The Iowa Lottery will propose some updates in state law to clear up what constitutes a winning ticket — and to increase the penalty for those who try to hide their winnings to avoid state debt.

Lottery Vice President, Mary Neubauer, says they want to clarify the language about winners. “The new subsection that we are adding to the code in that area says that we will pay prizes only for those tickets that have been legally purchase, legally possessed, and legally presented,” Neubauer explains.

She says that’s always been the case — but you had to look in several sections of the code to find the answer. “Some prosecutors and local law enforcement who have worked on criminal cases involving lottery tickets have said it would be helpful if the code were more clear and concise in that area. And so, we believe that this new subsection will achieve that. Let’s just make it as clear and concise as possible,” Neubauer says.

Another proposed change involves the state’s offset program which uses lottery winnings to offset the winner’s state debt. “At the lottery, if you win a prize, there is an automatic check of the income offset database of the income offset database when you come in to collect the prize,” according to Neubauer. “And that debt is automatically taken out before we issue a check to the winner.”

Neubauer says winners who know about the program may try to get around it.  “For example, they might give the ticket to a friend and have the friend come in to claim a prize rather than the original person being the one to claim a prize. And section three of the bill would have the penalties involved for that apply to both the person who would be passing the ticket to a friend — as well as the friend,” Neubauer says.
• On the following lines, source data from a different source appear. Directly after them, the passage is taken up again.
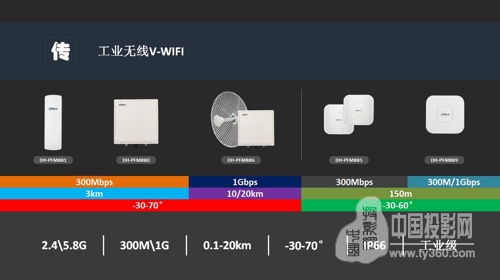 大華V-WIFI家族已全面覆蓋室外3-20km遠距離,同時提供300Mbps-1Gbps無線超大帶寬,涵蓋以DH-880/881系列為代表的3km,DH-PFM886系列為代表的10-20km無線傳輸設備。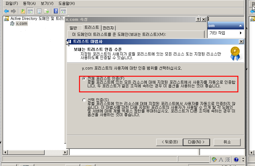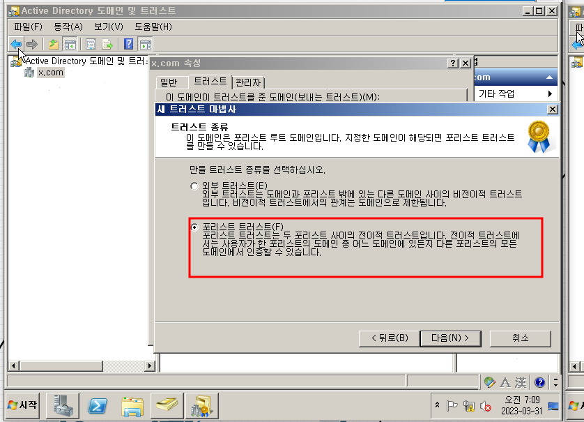 도메인이 한 포리스트에 있고 도메인이 다른 포리스트에 있습니다.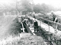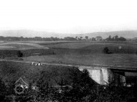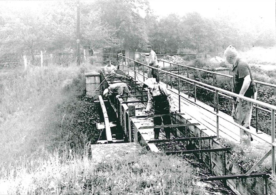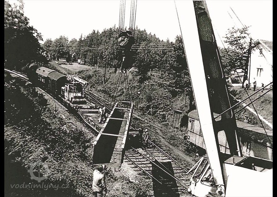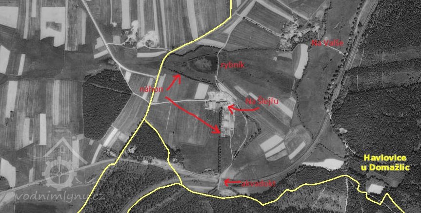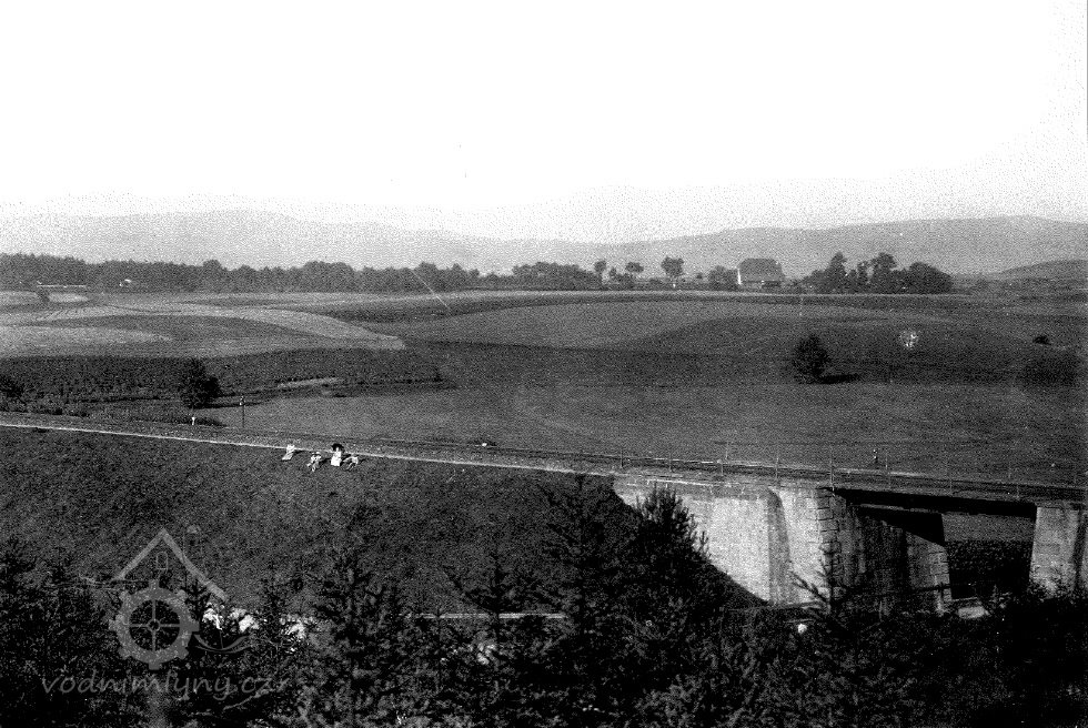 1950 – v krajině od akvaduktu zřetelný náhon, u pily velká skládka dřeva, náhon pokračuje okolo rybníka dále na Valchu.

She says both people are lying about who won the ticket and both should be penalized.

Neubauer says there are thousands of dollars collected each year from lottery winnings to cover state debts. “Over the last five years that total has ranged anywhere from $312,000 all the way up to $500,000 in a given year that is recouped,” Neubauer says. Neubauer says the best-laid plans of winners trying to keep all the cash have sometimes backfired.

“In a couple of instances people who owed offsets gave a ticket to a friend to claim the prize — not know that the friend had an even bigger offset than they did,” Neubauer says. “And in the end, the friend claimed the prize and their offset took the entire prize — so that person who had initially given them the ticket received no money and the friend’s offset was wiped out.”

Neubauer says they will propose the changes in the upcoming legislative session in January.